> [RECORDS SHOWN]
*** Block opens ***

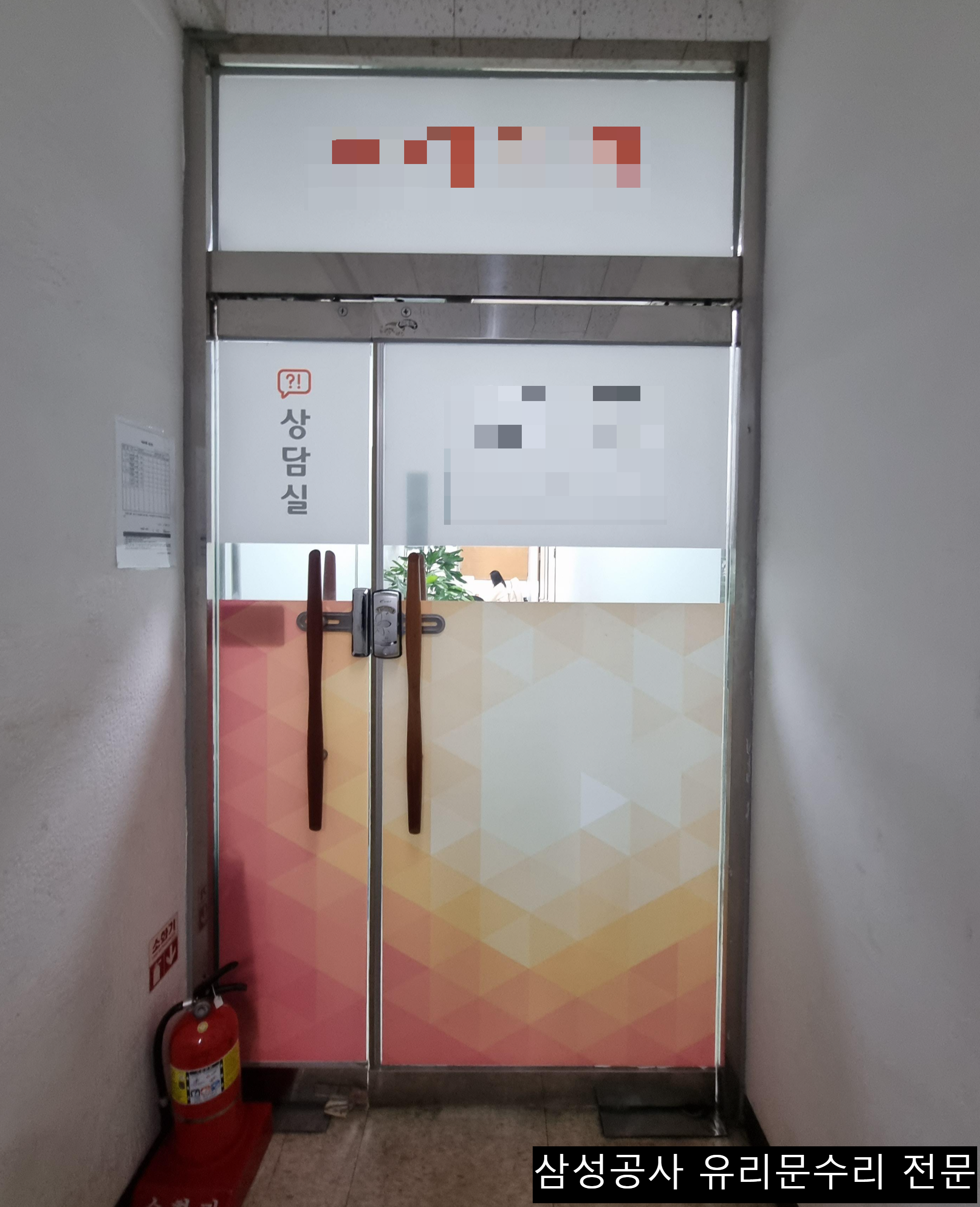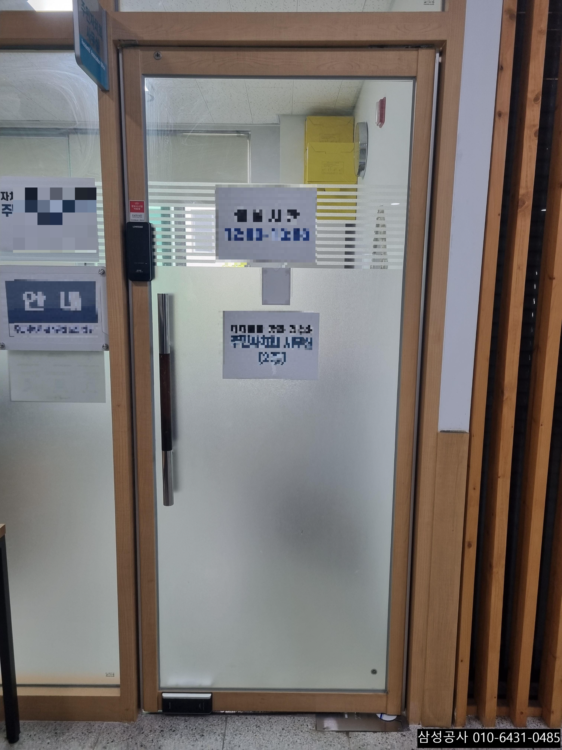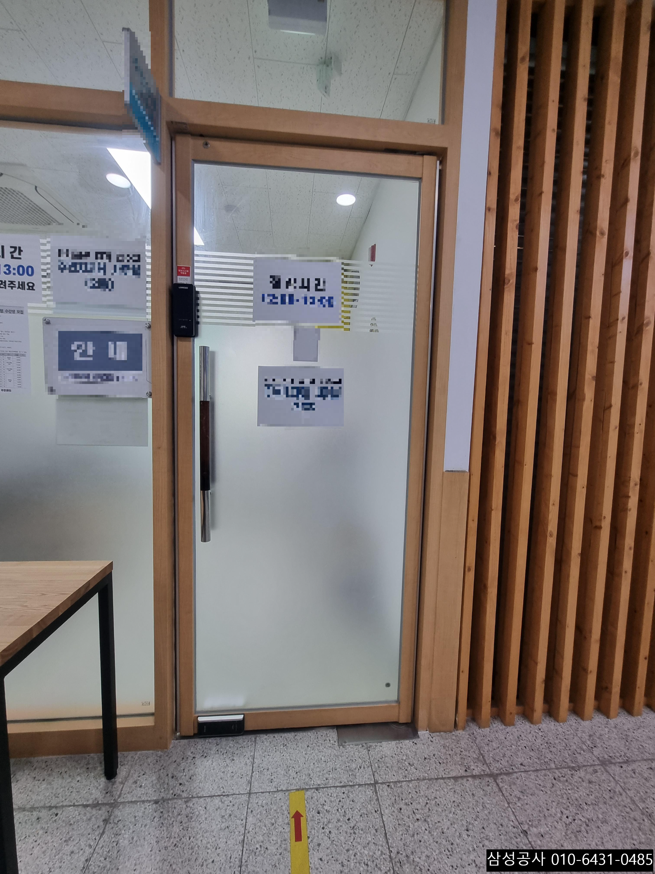 아무래도 외부로 통하는 복도 출입문이 근처에 있어서 유리문이 너무 뜨면 겨울에 추울것 같아 안으로만 열기고 협의후 진행되었습니다.
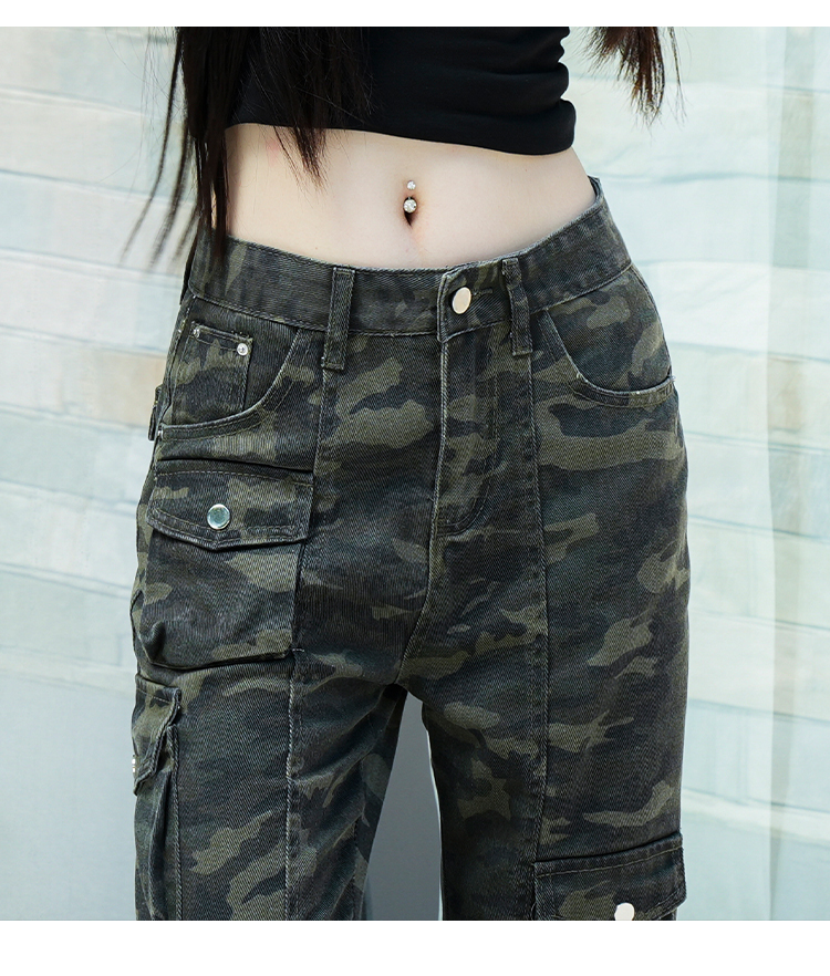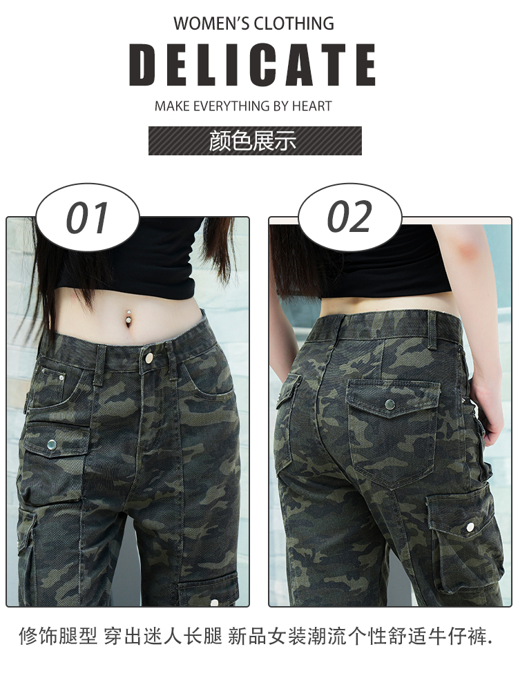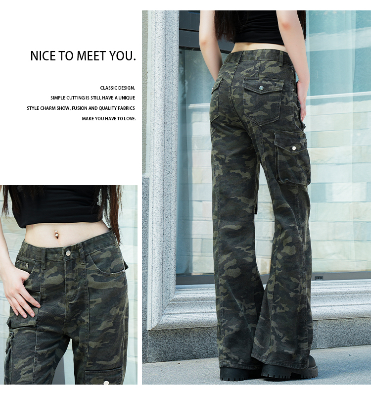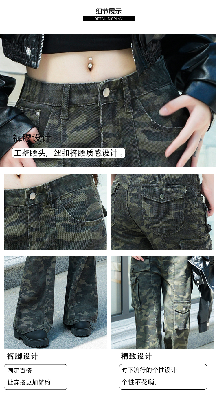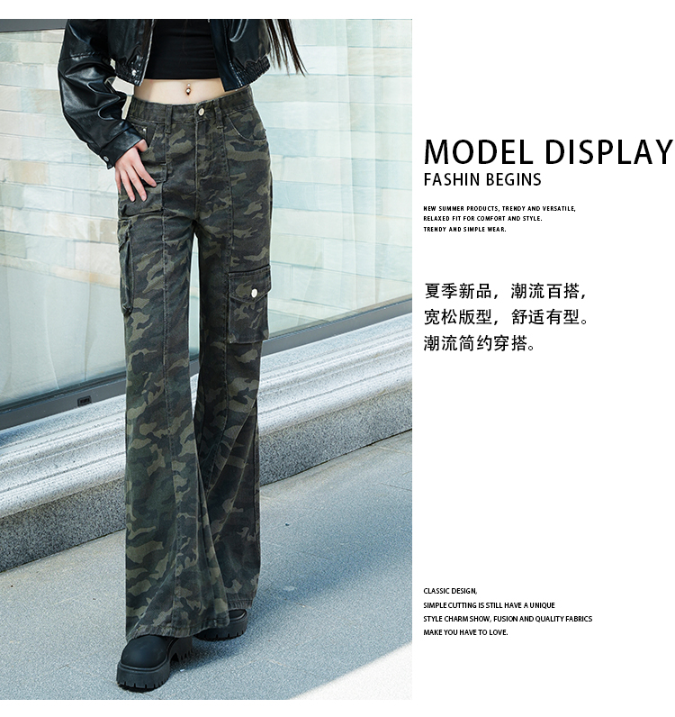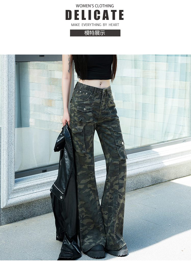 实拍-春款辣妹设计感迷彩工装高腰牛仔裤修身显瘦微喇叭拖地裤
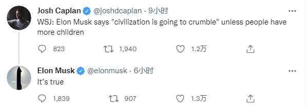 马斯克在周一的一次视频采访中表示,人口低增长是人类文明面临的最大风险之一。他认为人口崩溃可能是“未来人类文明面临的最大风险”,人类需要更多地繁衍后代才能将生命带到火星。
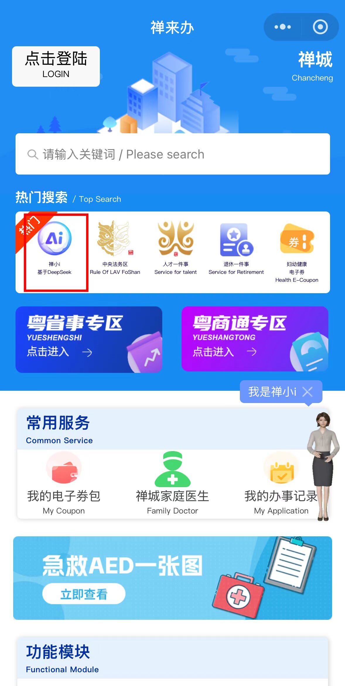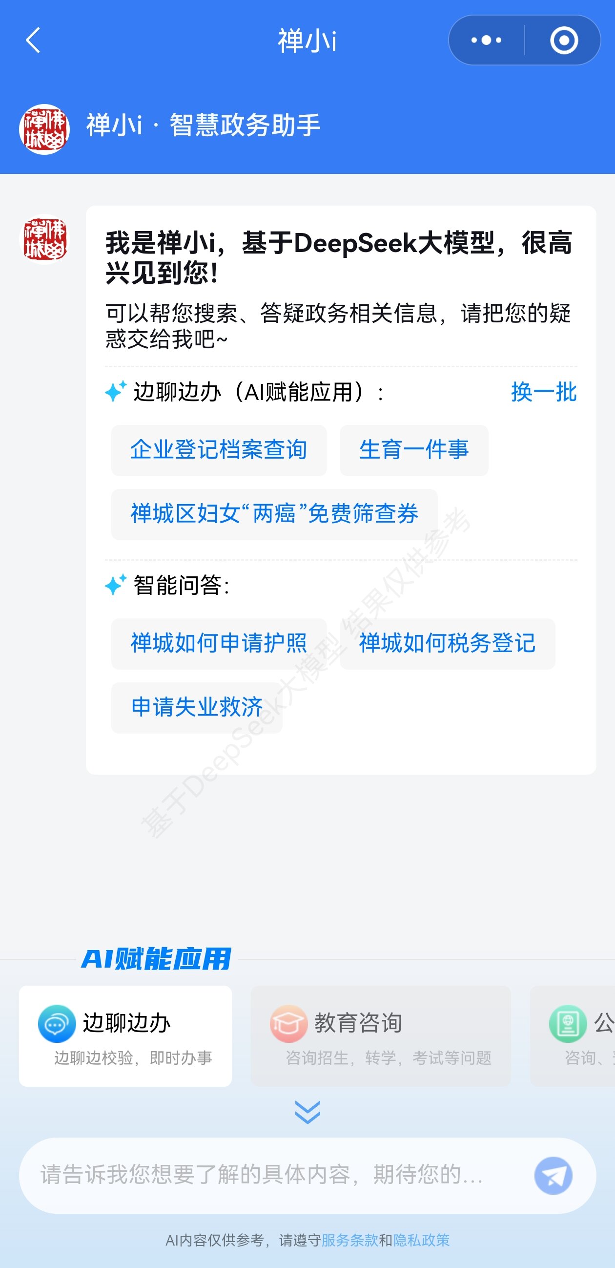 打开“禅来办”微信小程序,点击“禅小i”进入聊天界面,输入办理事项需求或点击按钮,即可开启“边聊边办”体验。
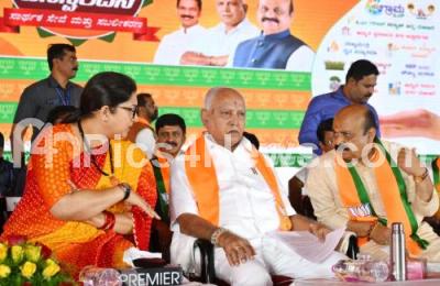 Smriti Irani, Union Minister of Women with Former CM BS Yediyurappa and Chief Minister of Karnataka Basavaraj Bommai during BJP Jana Spandana program to celebrate Chief Minister of Karnataka Basavaraj Bommai government completing one year at Doddaballapur, in Doddaballapur on Saturday 10th September 2022
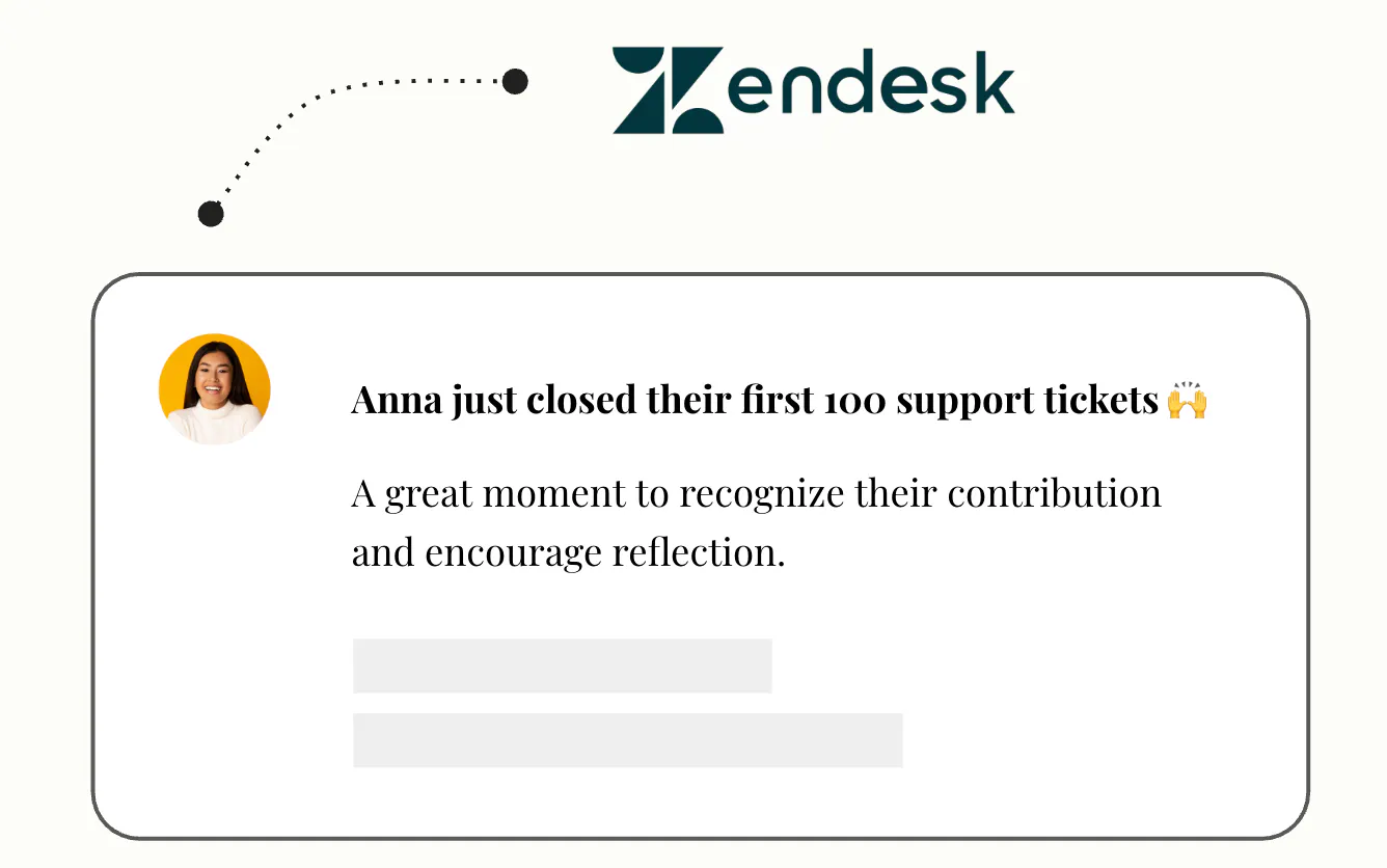 With a system like Pyn, you can connect a system like Zendesk or Salesforce to track milestones and send a nudge to celebrate to their manager if they reach it!
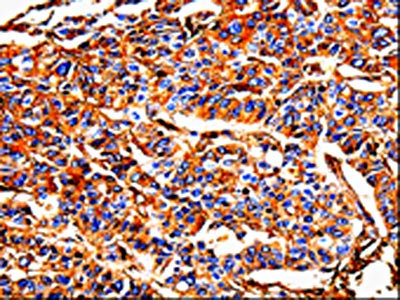 The image on the left is immunohistochemistry of paraffin-embedded Human liver cancer tissue using CSB-PA079344(ALB Antibody) at dilution 1/25, on the right is treated with fusion protein. (Original magnification: ×200)
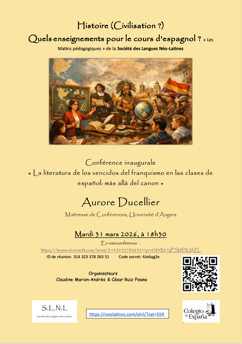 Nous vous invitons à participer à la conférence inaugurale des Matins pédagogiques autour de l’Histoire (Civilisation?) en cours d’espagnol.
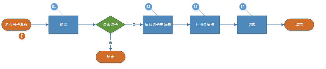 1、会员在前台(水吧)填写《会员卡退卡申请表》,并由会籍主管和店长共同签字确认。

*** Block closes ***

> [EXERCISE INSTRUCTIONS] From the first record to the last, retype everything exactly except the images.

> [TASK OUTPUT]
 아무래도 외부로 통하는 복도 출입문이 근처에 있어서 유리문이 너무 뜨면 겨울에 추울것 같아 안으로만 열기고 협의후 진행되었습니다.
 实拍-春款辣妹设计感迷彩工装高腰牛仔裤修身显瘦微喇叭拖地裤
 马斯克在周一的一次视频采访中表示,人口低增长是人类文明面临的最大风险之一。他认为人口崩溃可能是“未来人类文明面临的最大风险”,人类需要更多地繁衍后代才能将生命带到火星。
 打开“禅来办”微信小程序,点击“禅小i”进入聊天界面,输入办理事项需求或点击按钮,即可开启“边聊边办”体验。
 Smriti Irani, Union Minister of Women with Former CM BS Yediyurappa and Chief Minister of Karnataka Basavaraj Bommai during BJP Jana Spandana program to celebrate Chief Minister of Karnataka Basavaraj Bommai government completing one year at Doddaballapur, in Doddaballapur on Saturday 10th September 2022
 With a system like Pyn, you can connect a system like Zendesk or Salesforce to track milestones and send a nudge to celebrate to their manager if they reach it!
 The image on the left is immunohistochemistry of paraffin-embedded Human liver cancer tissue using CSB-PA079344(ALB Antibody) at dilution 1/25, on the right is treated with fusion protein. (Original magnification: ×200)
 Nous vous invitons à participer à la conférence inaugurale des Matins pédagogiques autour de l’Histoire (Civilisation?) en cours d’espagnol.
 1、会员在前台(水吧)填写《会员卡退卡申请表》,并由会籍主管和店长共同签字确认。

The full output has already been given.